Antibiotic resistance of micro organisms is an emerging global health care problem, driven by the spread of micro organisms and resistance genes and fuelled by the very use of antibiotics. Data on prevalence and incidence of  resistant micro organisms are abundant. But how to base sound conclusions, e.g. concerning the effectiveness of  various potential control measures, on these data ? Traditional multivariate risk factor analyses neglect that  cross-transmission creates dependence among individuals (or, in a different jargon, leads to nonlinearity at the  population level). Hence they may miss the main point. Our group focuses on a mechanistic description of pathogen transmission within and between patients in a hospital.

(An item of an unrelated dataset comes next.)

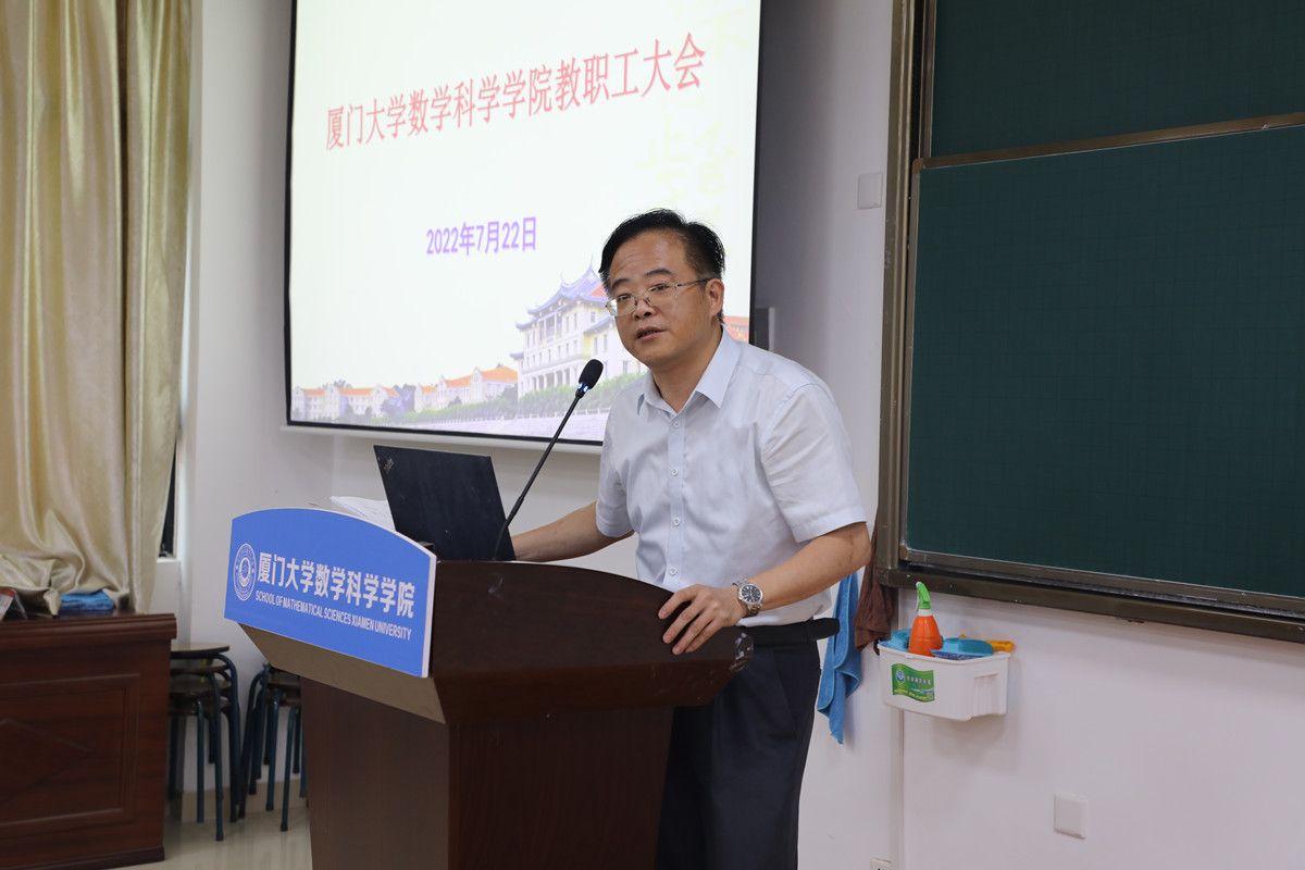2022年7月22日下午,星空(中国)在实验楼106召开教职工大会,部署期末相关重要工作,星空(中国)党政领导、工会负责人和教职员工参加会议。院党委书记黄宝秋主持会议。

Our aim is to determine from the available data the relative importance of the various routes leading to detectable colonisation. The quantification of transmission routes is a prerequisite for the quantification of the effects of control measures. Our work centers around three tenets: 
  • given the low number of patients in hospital settings, the model should be formulated as a Markov chain; 
  • hosts should be subdivided in ”compartments”, each of which can either be colonised or ”free”;
  • probabilistic consideration of unobservable events (transmission) should not thwart the deterministic bookkeeping of known facts (such as admission, discharge and the outcome of tests).

    We plan to develop, along these lines, a flexible methodology, taking ongoing clinical studies as guiding principal, challenge and test case, all in one.